Pages

Friday, May 9, 2014

For Mother's Day: Seven Of My Favorite Novels About Motherhood


Mother's Day is on Sunday, May 10, 2014.  Here are seven of my favorite novels from the past few years which feature motherhood as a central theme.

THE FIFTY-FIRST STATE by Lisa Borders (Engine Books, September 23, 2013) Hallie Corson left her name ("Holly") and family behind in Oyster Shell, New Jersey (in South Jersey) during her college days nearly twenty years ago.  She is a photographer in New York who didn't "make it" quite as far as she hoped she would, and she is single. One call from her hometown changes Hallie's life utterly.  Her father and stepmother are killed in a car accident, and her half-brother Josh (seventeen) is in need of a parent. The novel takes place during the course of Josh's senior year of high school, and the reader watches both of these compelling characters grow up and grow together into a family. Borders is a strong storyteller who tackles a story about death, grief, bereavement and new beginnings with such delicacy and beauty.  She has particular strength in writing realistic scenes between characters, and in describing the natural beauty of South Jersey.  This is an unforgettable and rich family saga which continues to reverberate long after the last word.

THE GHOST BRIDE by Yangsze Choo (William Morrow, August 1, 2013)  Set in the Chinese community of 19th-century British colony of  Malay (now known as Malaysia), this debut novel is a spectacular mix of historical fiction, Chinese folklore, romance, adventure, mothers and daughters, and a truly original imagining of the paranormal and of the afterlife.  The main character is Li Lan, a young woman whose entire life has turned out badly because her own mother died when she was a girl.  Her father has allowed grief to consume him, and he spends his time smoking opium.  Her only marriage proposal comes from a wealthy family who wants Li Lan to be the "ghost bride" of their dead eldest son.  Li Lan is one of the strongest women characters in recent memory.  Choo's novel is magical in concept and in her prose style but so thoroughly grounded in its own reality. This is a breathtaking novel to be treasured.

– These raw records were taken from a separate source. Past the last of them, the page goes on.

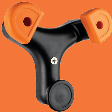
Oz Y Hook
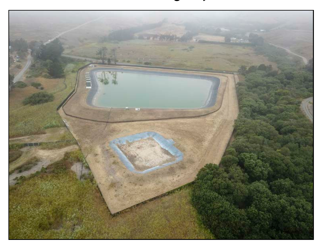
Aerial, Evaporation PondDCIM\100MEDIA\DJI_0140.JPG
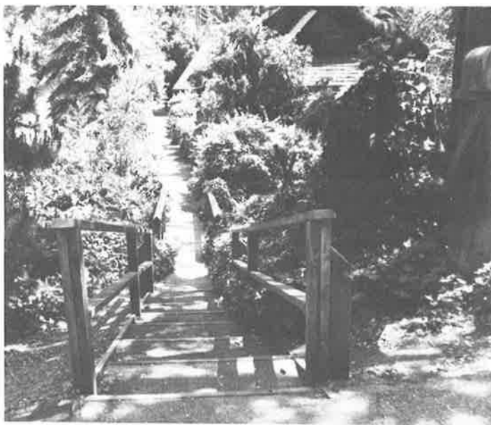
Fernwood's rustic charms.
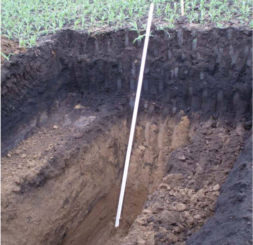
Photo 5 SOC7-TT4 Sidewall
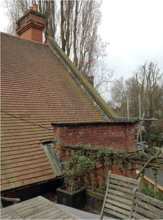
Existing Roof and Parapet
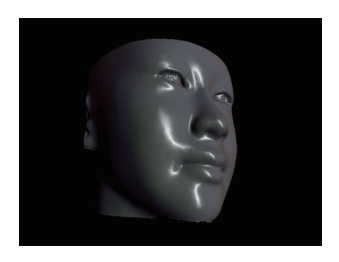
Figure 3: Synthesized face image.
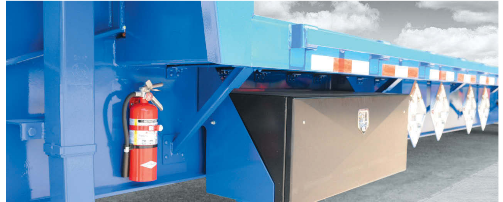
■ Customization The Freedom SE's versatile design can be customized to serve most markets.
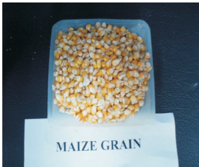
Fig. 1. Maize grain, CP=11%, TDN=84%.
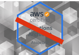
DO NOT place on a patterned background.
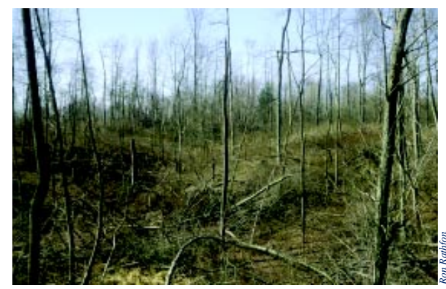
Diameter limit cutting often results in a forest of stunted, slow growing, low vigor, poorly formed trees.

The best protection against high grading and diameterlimit cutting is learning how to properly market timber marked for sale using sustainability guidelines. A forester can help ensure the right trees are harvested in order to regenerate the forest and meet your other objectives. Additionally, a forester can provide timber
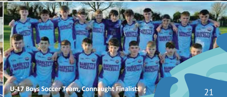
U-17 Boys Soccer Team, Connaught Finalists
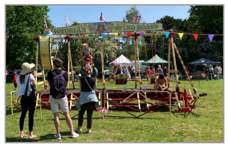
All the fun of the fair
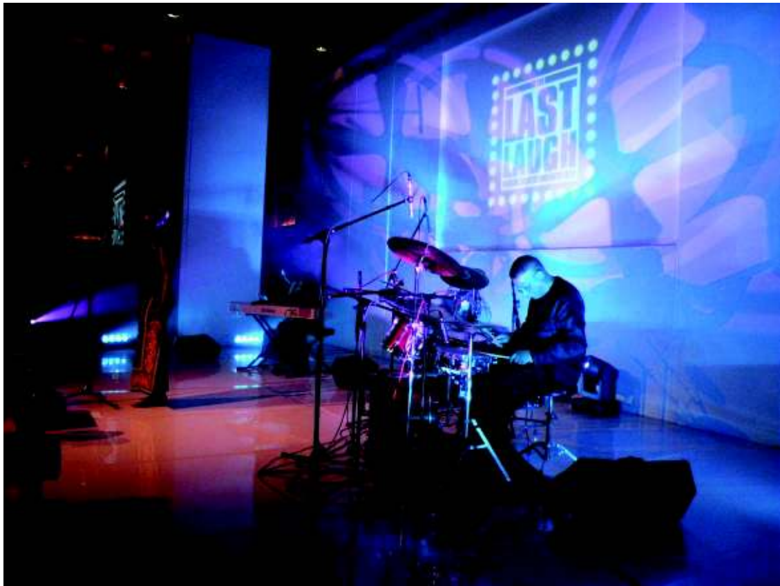
African Sunrise band at Sun City, Elephant Acoustic Sound, Martin Lighting

ECHOLOCATION by Myfanwy Collins (Engine Books) My review from May 9, 2012

THE WHIPPING CLUB by Deborah Henry (T.S. Poetry Press) My review from April 3, 2012

NIGHT SWIM by Jessica Keener (Fiction Studio Books) My review from May 15, 2012

THE WIDOW WALTZ by Sally Koslow (Viking Adult) My review from November 18, 2013

MY NOTORIOUS LIFE by Kate Manning (Scribner, September 10, 2013)  This is a masterful piece of historical fiction in which Manning examines the life of Axie Muldoon, the daughter of Irish immigrants who resides in the slums of lower Manhattan in the mid-19th Century.  After her widowed mother suffers a terrible accident, Axie does what she can to keep the rest of her family  (her younger sister and baby brother) intact, but, as a child herself, she is unable to do so.  Her mother returns from the hospital, and Axie finds a few months of happiness in their squalid tenement with her.  Yet, a few months later, tragedy strikes again, and Axie ends up as a maid servant in the household of a married couple who help women through giving birth, as well as with the prevention and early terminations of pregnancies.  Axie soon becomes apprenticed to the wife, and learns how to become an excellent midwife, determined not to allow her women patients suffer from the horrors of unwanted pregnancies, bad childbirth and postpartum complications.  She grows up to be a fine, strong, and very wealthy woman with a sexy, headstrong husband.  When Axie becomes a mother,  her career choice constantly puts her in danger of losing her own family since her profession is considered immoral and illegal.  Manning's rendition of this particular place and time is sumptuous in style and in detail. Her ear for dialogue is superb. She captures the courage of Axie Muldoon while, with equal courage, she tackles the issue of women's reproductive rights, an issue which is still as topical and controversial as it was one-hundred-fifty years ago.